Вера слушала, опустив глаза и наклонив вперед голову, но при слове «капризно» она выпрямилась и взглянула прямо в глаза Варваре Матвеевне.
– В моем положении, тетушка, – сказала Вера, – невозможны капризы. Я знаю всю мою беспомощность; но вы не потребуете, чтобы я сама себя вконец погубила. С моей стороны и во мне никогда не было колебаний. Я очень благодарна Борису Поликарповичу за его предложение и, конечно, ценю честь, которую он мне делает; но оно, собственно, не составляет неожиданности. О возможности такого предложения вы часто упоминали, и я всегда об этом отзывалась одинаково. Я не люблю его и потому за него выйти не могу. Покойный папа́ знал об этом. Он меня ободрял и одобрял мою решимость говорить правду и не отступать от правды. Он завещал мне и впредь не лицемерить и никогда не обманывать честного человека насчет моих чувств и намерений.

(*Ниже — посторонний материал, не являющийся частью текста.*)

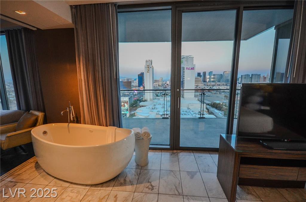 Wow! Elevate your lifestyle with this amazing 1220 sq ft. 1 bedroom, corner condo-hotel Palms Place unit on the 23rd floor! Views! Breathtaking panoramic views of the iconic Las Vegas Strip from 2 balconies & through floor-to ceiling glass walls. This fully furnished suite features a large living area w/ spectacular Strip Views! Spacious primary bath w/ an oversized shower & separate tub, overlooking the Strip. Palms Place has direct access to Palms Resort & Casino via an indoor moving walkway: you’re just moments away from the excitement. Services include concierge, valet parking, pool cabanas, fine dining, a luxurious spa and state-of-the-art gyms. Use the unit alternately as a personal retreat or an investment opportunity. This unit can be easily used as an Airbnb or join the in-house rental program. Situated in the heart of Las Vegas, you're just moments away from top attractions, shopping, & vibrant entertainment! See this unit today and EXPERIENCE Las Vegas!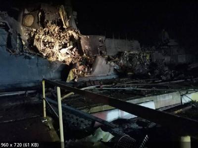 Прилёта не было - в небольшом здании, где был небольшой запас БК коротнула проводка, начался пожар.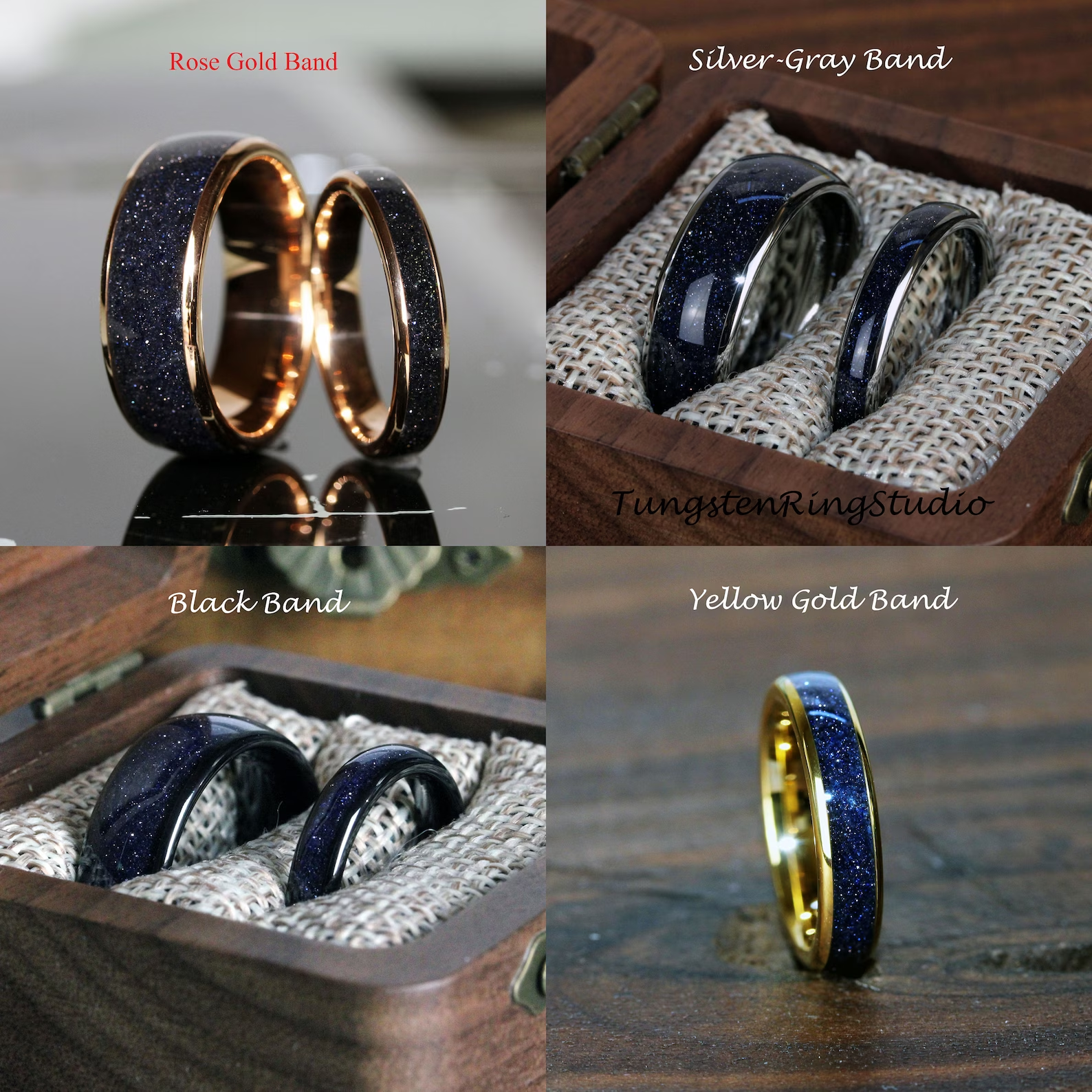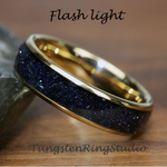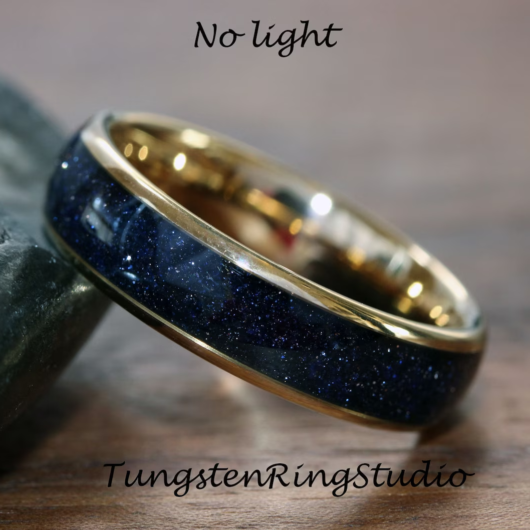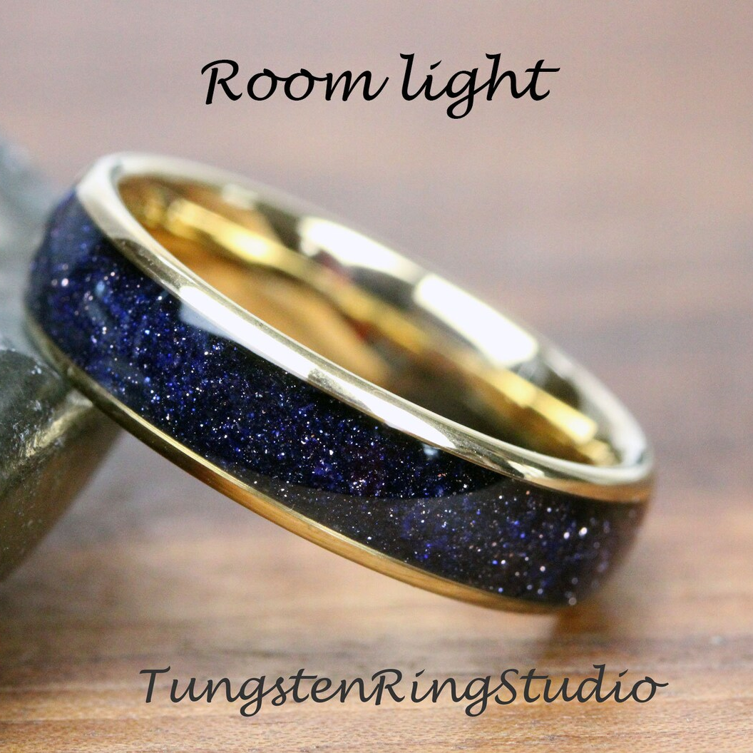 Nebula Blue Sandstone Yellow Gold Tungsten Ring – TungstenRingStudio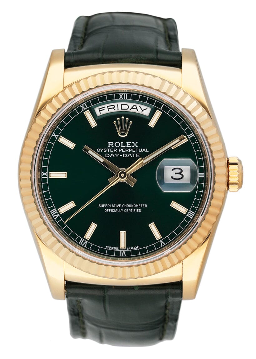 Rolex Day-Date 118138 Mens Watch. 36mm 18k yellow gold case. 18K yellow gold fluted bezel. Green dial with gold hands and index hour markers. Minute markers on the outer dial. Date display at the 3 o'clock position and day display at the 12 o'clock position. Green leather strap with 18K yellow gold deployment buckle. Will fit up to a 7.5-inch wrist. Sapphire crystal. 18K yellow gold case back. Automatic self-winding chronometer movement. This watch comes with original Box and Papers.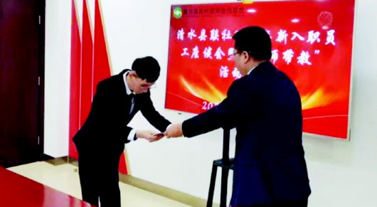 本报讯 近日,清水县信用联社举办2024年新入职员工座谈会暨“导师带教”拜师活动。 座谈会上,联社负责人向新员工介绍了联社的基本情况,宣读了新员工分配工作通知,新员工依次作了自我介绍,大家共同诵读了古代典籍《论语》节选内容,5名新员工分别向导师呈拜师贴、行拜师礼。 拜师仪式结束后,新员工代表和导师代表作了发言。新员工代表表示将端正态度、严于律己、勤学好问、尽快成长。导师代表承诺将言传身教、率先垂范、教学相长、共同进步。谆谆誓词,许下师徒结对之约,尽显薪火相传之美。 最后,联社负责人总结发言,对新员工提出殷切期望和要求。 青春逢盛世,奋斗正当时。座谈会的召开有效引导新入职员工快速找准位置,找对方向,学会以清醒的认识面对困难,以坚毅的意志迎接挑战,以聪明和智慧推动发展,为清水县信用联社高质量转型发展增添新的活力。 (毕云霞)

– Кто же тебе советует обманывать? Положим, что ты и не любишь Бориса Поликарповича, как пишут о любви в романах; но ты не можешь не ценить его и не быть признательной за его привязанность к тебе. Несмотря на всю твою холодность, он по-прежнему старается доказать тебе искренность этой привязанности. Ты его ближе узнаешь. Ты тогда полюбишь его. А между тем устроишь и обеспечишь свою судьбу. Жизнь не роман. Выгодная партия – важное дело для бедной девушки, как ты. Подумай об этом.

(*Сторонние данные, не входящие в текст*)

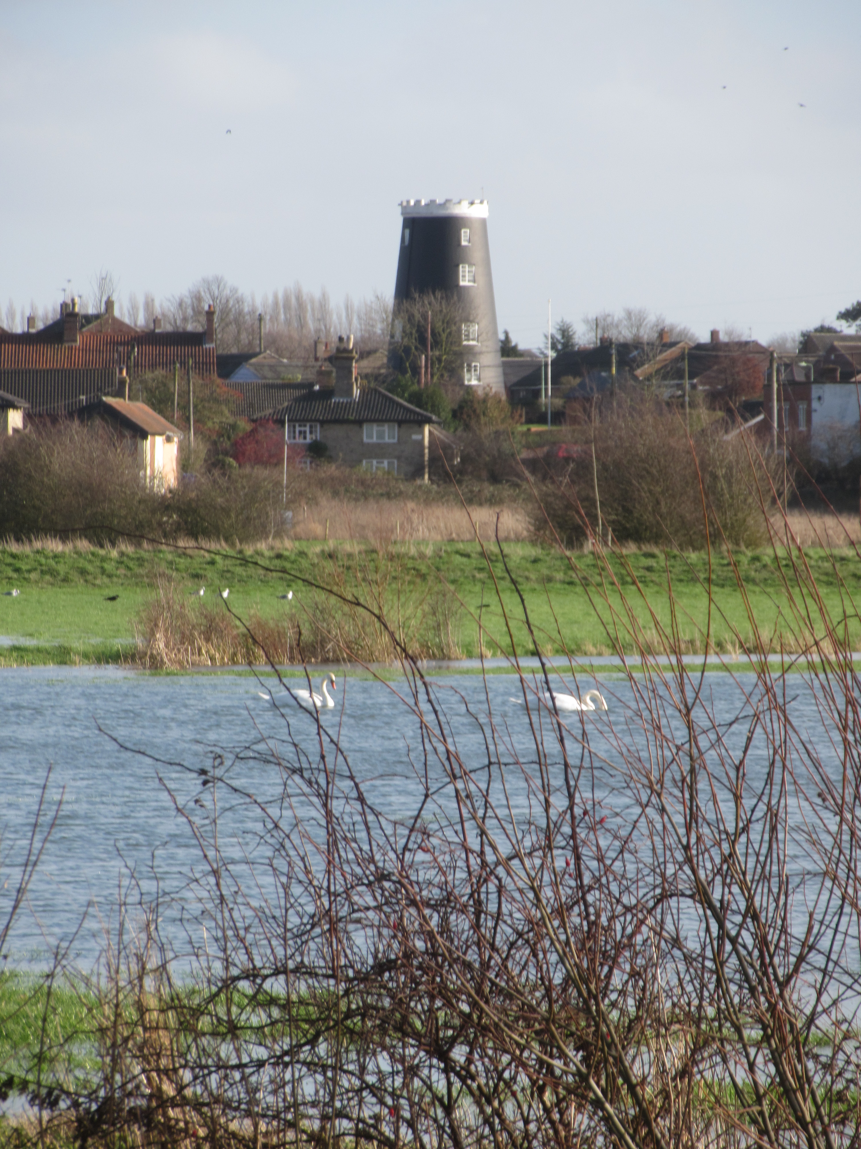 And finally just to walk. On this occasion wandering just outside the town through the flooded water meadows that lap right up against the edge of the houses but hardly ever enter, even in the worst winters because our forebears chose this place to sit above the River Waveney, not in it. Thank goodness no property developers have ever convinced the council to let them build across our great views, fortunately Bungay has not suffered in the great floods of 2014 despite the waters visibly rising in front of our eyes. We are as serene as the swans that migrate here in the winter.

– Тетушка, я давно успела обдумать. Если бы я сказала хотя бы только одно слово в другом смысле, я сказала бы неправду.
– Но тогда что же будет? Еще раз тебе говорю, что далее дело не может идти, как шло до сих пор. Ты и меня, пожалуй, не очень крепко любишь. К чему же и со мной губить твою жизнь? Ведь я тебе не лишняя. А я без тебя могу обойтись.
– Вы до сих пор мне этого не высказывали, тетушка, – проговорила Вера дрожащим от волнения голосом. – Простите меня, если я была для вас бременем. Я в этом не виновна. Вам самим было угодно, чтобы после кончины папа́ я, по крайней мере в течение года, оставалась у вас в доме.

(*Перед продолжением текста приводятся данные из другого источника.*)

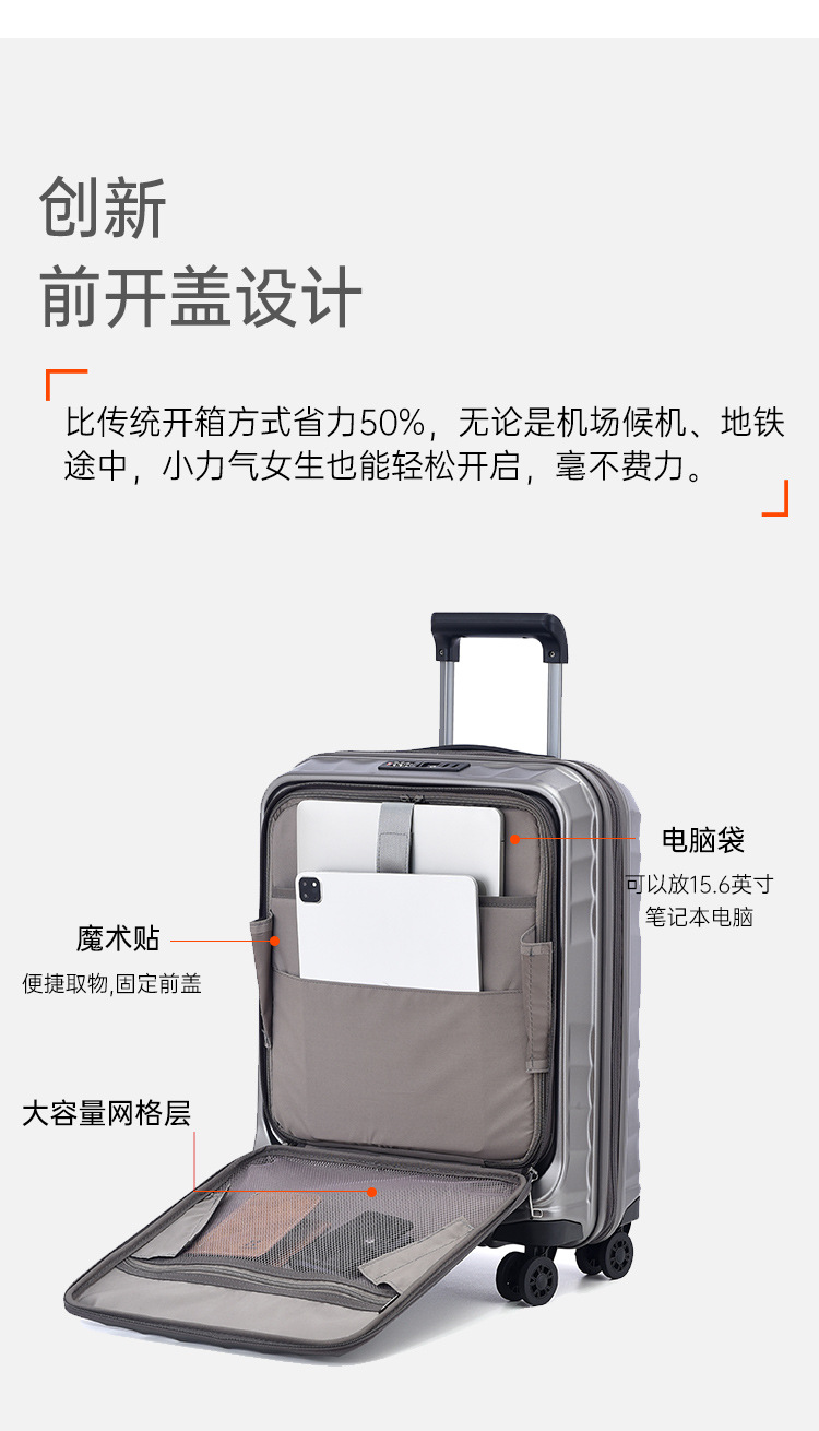 단합 스타 일본 전면 오프닝 가방 20 인치 비즈니스 탑승 상자 15.6 인치 컴퓨터 가방이 확장 될 수 있습니다

– Да, – сухо ответила Варвара Матвеевна, – я точно говорила о том, что ты целый год должна быть в трауре и ни о чем для перемены жизни помышлять не можешь. Но я не желаю тебя стеснять. Если нам расходиться, то мы можем и ранее разойтись.
– Если вам это угодно, тетушка, то прикажите. Я могу завтра попросить Карла Ивановича и Клотильду Петровну, чтобы они меня к себе приняли. Они примут.
Варвара Матвеевна сознательно вызывала этот ответ, и несмотря на то, его как будто не ожидала. Она пристально взглянула на Веру, потом сказала:
– К чему же завтра? Что за спех? Или ты торопишься меня оставить?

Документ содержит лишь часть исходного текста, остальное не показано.